Russia announced it would begin withdrawing forces from Georgia tomorrow after a war that dealt a humiliating blow to the Black Sea state and raised fears for energy supplies to Europe.
"From tomorrow, Russia will begin the withdrawal of the military contingent which was moved to reinforce Russian peacekeepers after the Georgian aggression against South Ossetia," the Kremlin said in a statement.
Georgian President Mikheil Saakashvili, whose failed invasion of the pro-Russian breakaway region triggered a Russian backlash that shocked the West, called for international monitoring of the pullout.
"I think the world should watch," he told a news conference with German Chancellor Angela Merkel in Tbilisi. Ms Merkel said that indeed the world would be watching for Russia to withdraw quickly under the terms of a six-point plan brokered by France.
Russia's Defence Ministry, highlighting continued high tension between the two countries, said Georgia was planning a "major provocative act" in Gori - a city captured by Russian forces on Tuesday as they fanned out from the disputed South Ossetian region into the Georgian heartland.
It gave no details, and Georgia issued a swift denial. "Such provocation would only be staged by the Russian side, with the aim of keeping Russian military units in the conflict zone," the Georgian Interior Ministry said in a statement.
Russian troops remained in position around Gori, which commands the approaches to South Ossetia and the main east-west highway and should be central to covering a Russian withdrawal.
Major-General Vyacheslav Borisov, now a familiar figure touring the area of his command around Gori in a Georgian four-wheel-drive, could not say when he would be moving out.
"We were the first in, so we'll be the last out," Major-General Borisov said at the roadside near Gori.
There was no sign of shooting and troops appeared relaxed.
President Dmitry Medvedev, in announcing the pullout from midday tomorrow during a telephone conversation with French President Nicolas Sarkozy, also gave no firm deadline for completion of the withdrawal.
A Georgian official accused Russian forces of destroying Georgian television and radio transmitters in the Gori region and installing their own.
Each side has levelled accusations of attempted genocide against the other. Russia says some 1,600 people were killed in the initial Georgian shelling of the South Ossetian capital of Tskhinvali while Georgia charges Russian and irregular forces levelled Georgian villages around Tskhinvali.

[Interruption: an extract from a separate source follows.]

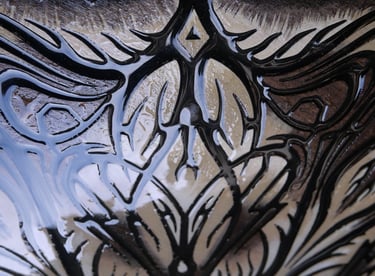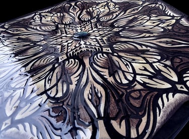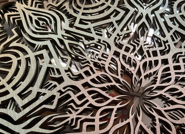 Je développe des motifs que je conçois comme des formes vivantes, des structures en évolution. Chaque motif est exploré, décliné, transformé. Il ne s’agit pas de produire une image figée, mais d’entrer dans un véritable processus de recherche.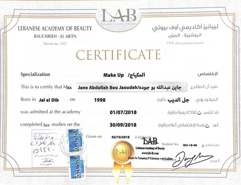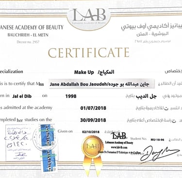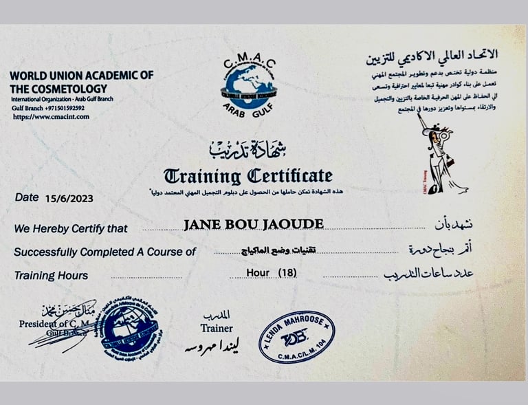 Accredited beauty qualifications backed by recognized training institutions, showcasing high-level competency in makeup, aesthetics, and specialized beauty treatments, verified through rigorous education and practice.

Ms Merkel, in remarks likely to rankle the Kremlin, raised the prospect of Nato membership for Georgia, which as a former Soviet republic had housed Moscow's frontline radar and missile defences.
"Every free, independent country can together with Nato members discuss when it can join Nato. In December we will have a first evaluation of the situation and we are on a clear path in the direction of Nato membership."
She said a buffer zone agreed under the ceasefire should not be used by Russia to extend the territory of South Ossetia, which broke with Tbilisi after the 1991 collapse of the Soviet Union. "The security zone cannot be used as an excuse for Russian troops not to leave ... Georgia."
Russia has made it clear it sees no prospect in the foreseeable future of South Ossetia, which broke with Tbilisi in 1992, being reintegrated into Georgia.
Talks are under way to establish international agreement on a peacekeeping force for South Ossetia which seems likely, whatever the Georgian objections, to include a substantial Russian contingent.
The 10-day confrontation brought the deaths of around 200 Georgians, dealt a crushing blow to the Georgian military, damaged the country's economy, disrupted road and rail links and drew criticism in the West of Saakashvili's handling of the crisis.
The Russian action rattled the West, which draws oil and gas through pipelines across Georgian territory from the Caspian region; a route favoured because it bypasses Russia. Some saw dark portents in Russia launching its first invasion of a former
Soviet state since the 1991 collapse of the Soviet Union.